What needs to be done: Set the data down again, exactly as it reads, but without the pictures.

[Extracted data entries]
══════════════════════════════
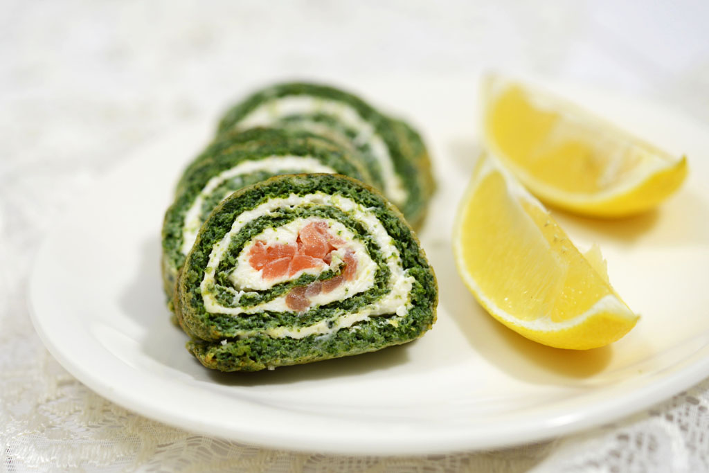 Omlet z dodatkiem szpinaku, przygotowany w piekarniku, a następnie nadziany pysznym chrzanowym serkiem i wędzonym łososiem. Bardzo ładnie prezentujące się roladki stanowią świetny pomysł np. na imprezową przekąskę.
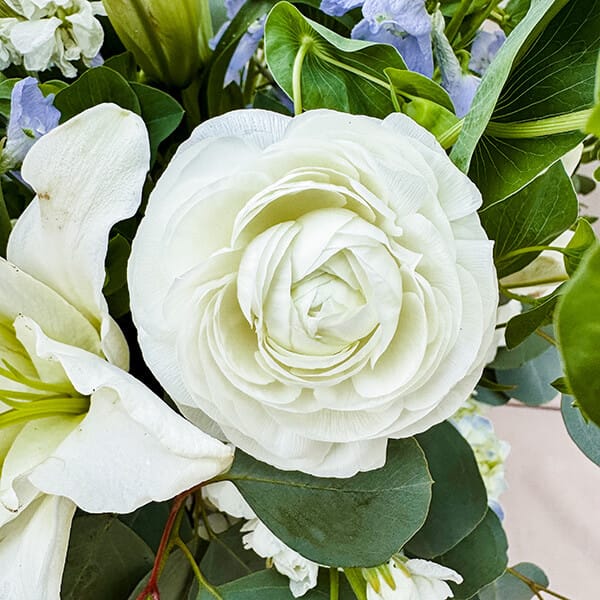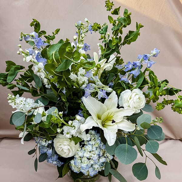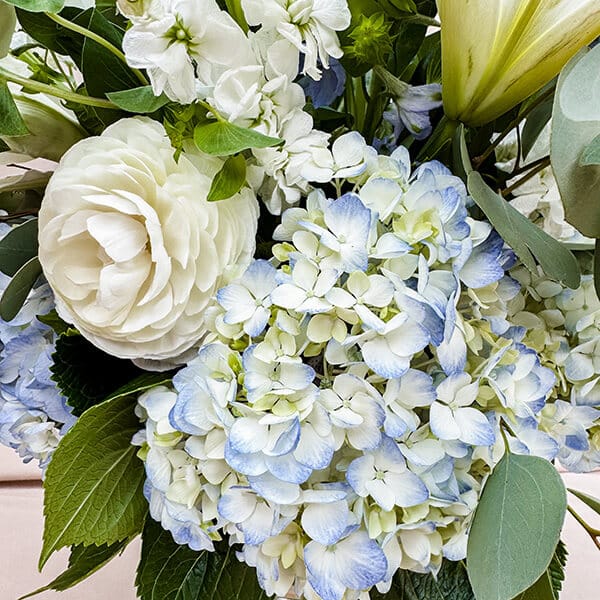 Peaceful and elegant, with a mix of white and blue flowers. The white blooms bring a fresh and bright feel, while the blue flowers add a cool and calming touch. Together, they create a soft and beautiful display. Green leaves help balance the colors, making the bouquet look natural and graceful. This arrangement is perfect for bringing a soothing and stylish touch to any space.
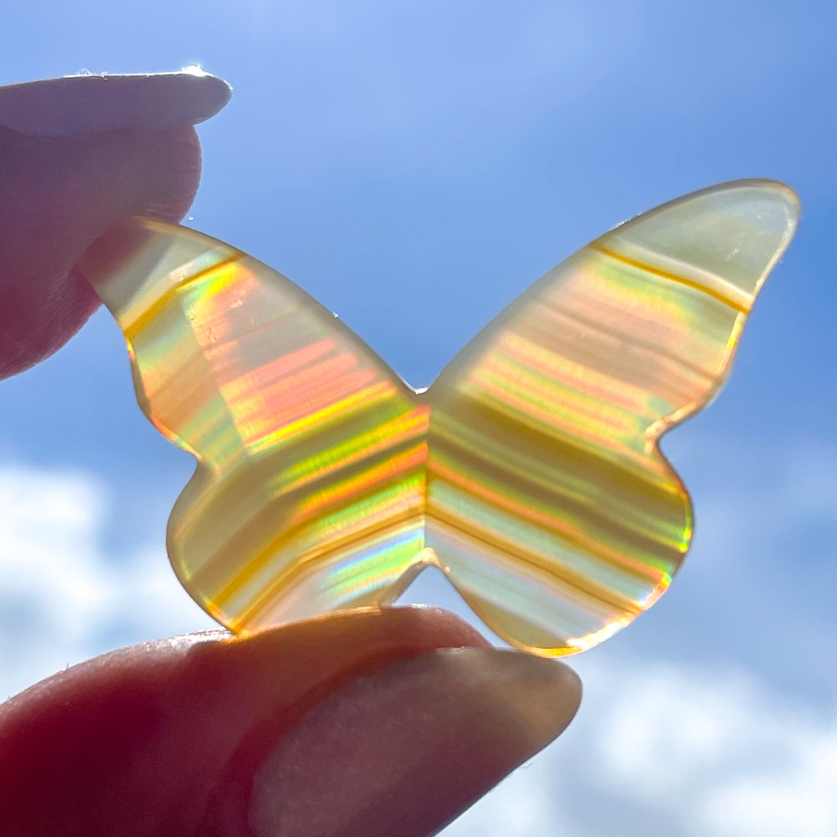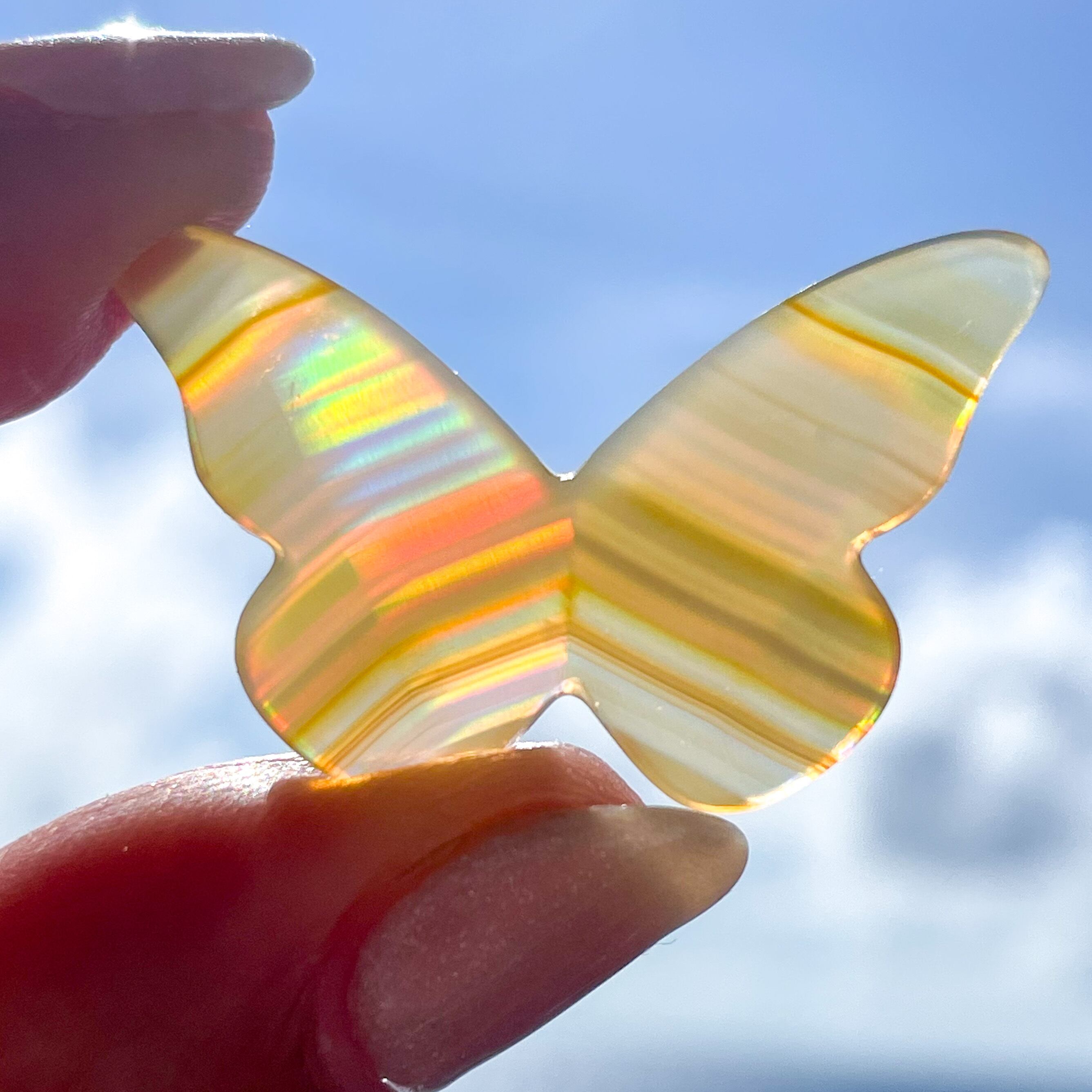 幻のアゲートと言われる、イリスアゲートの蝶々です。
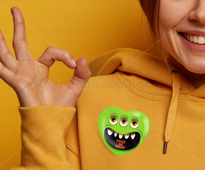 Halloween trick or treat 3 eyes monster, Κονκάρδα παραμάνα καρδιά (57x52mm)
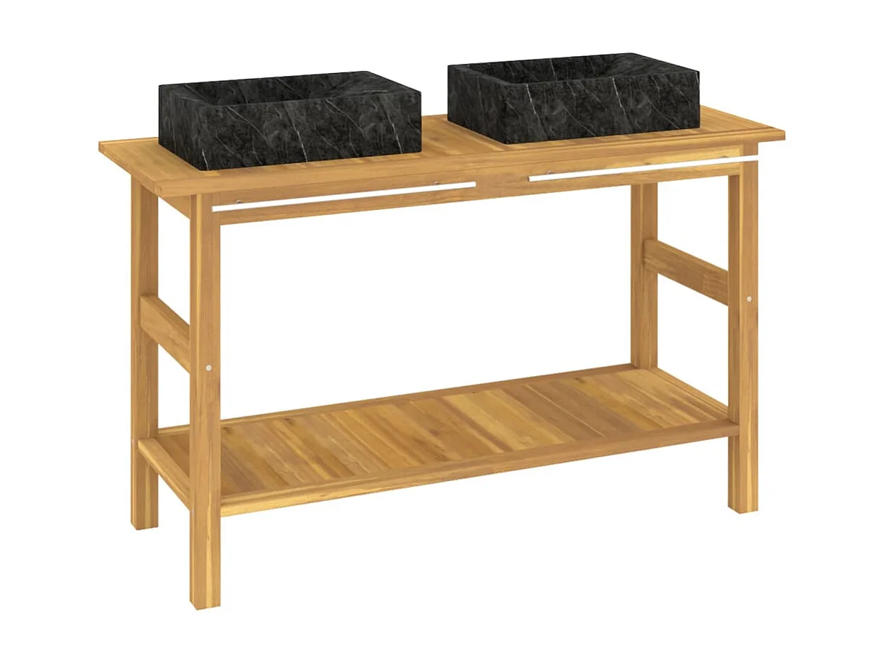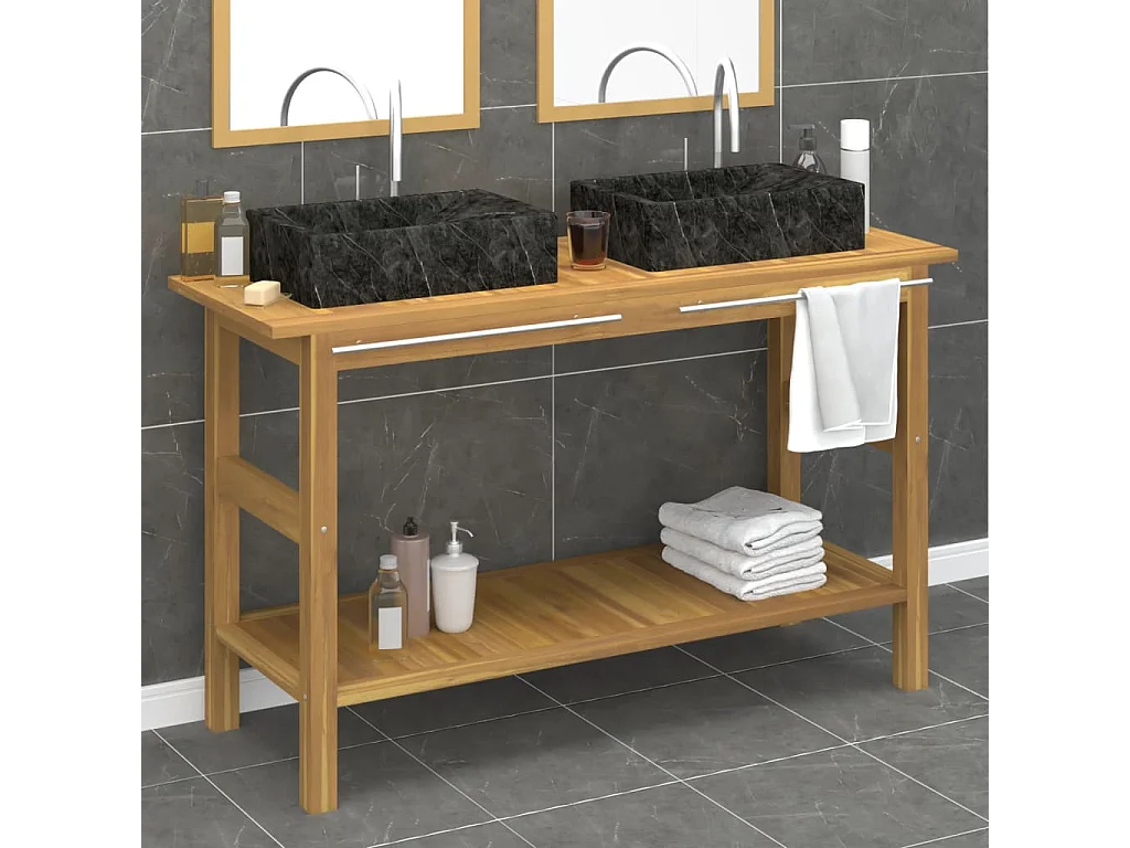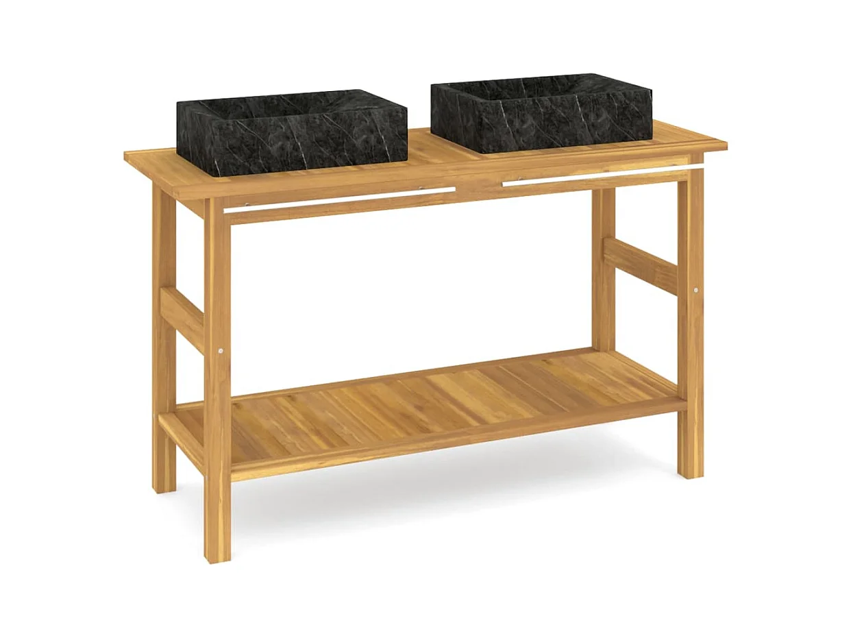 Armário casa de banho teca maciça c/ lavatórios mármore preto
══════════════════════════════
Output for this exercise:
 Omlet z dodatkiem szpinaku, przygotowany w piekarniku, a następnie nadziany pysznym chrzanowym serkiem i wędzonym łososiem. Bardzo ładnie prezentujące się roladki stanowią świetny pomysł np. na imprezową przekąskę.
 Peaceful and elegant, with a mix of white and blue flowers. The white blooms bring a fresh and bright feel, while the blue flowers add a cool and calming touch. Together, they create a soft and beautiful display. Green leaves help balance the colors, making the bouquet look natural and graceful. This arrangement is perfect for bringing a soothing and stylish touch to any space.
 幻のアゲートと言われる、イリスアゲートの蝶々です。
 Halloween trick or treat 3 eyes monster, Κονκάρδα παραμάνα καρδιά (57x52mm)
 Armário casa de banho teca maciça c/ lavatórios mármore preto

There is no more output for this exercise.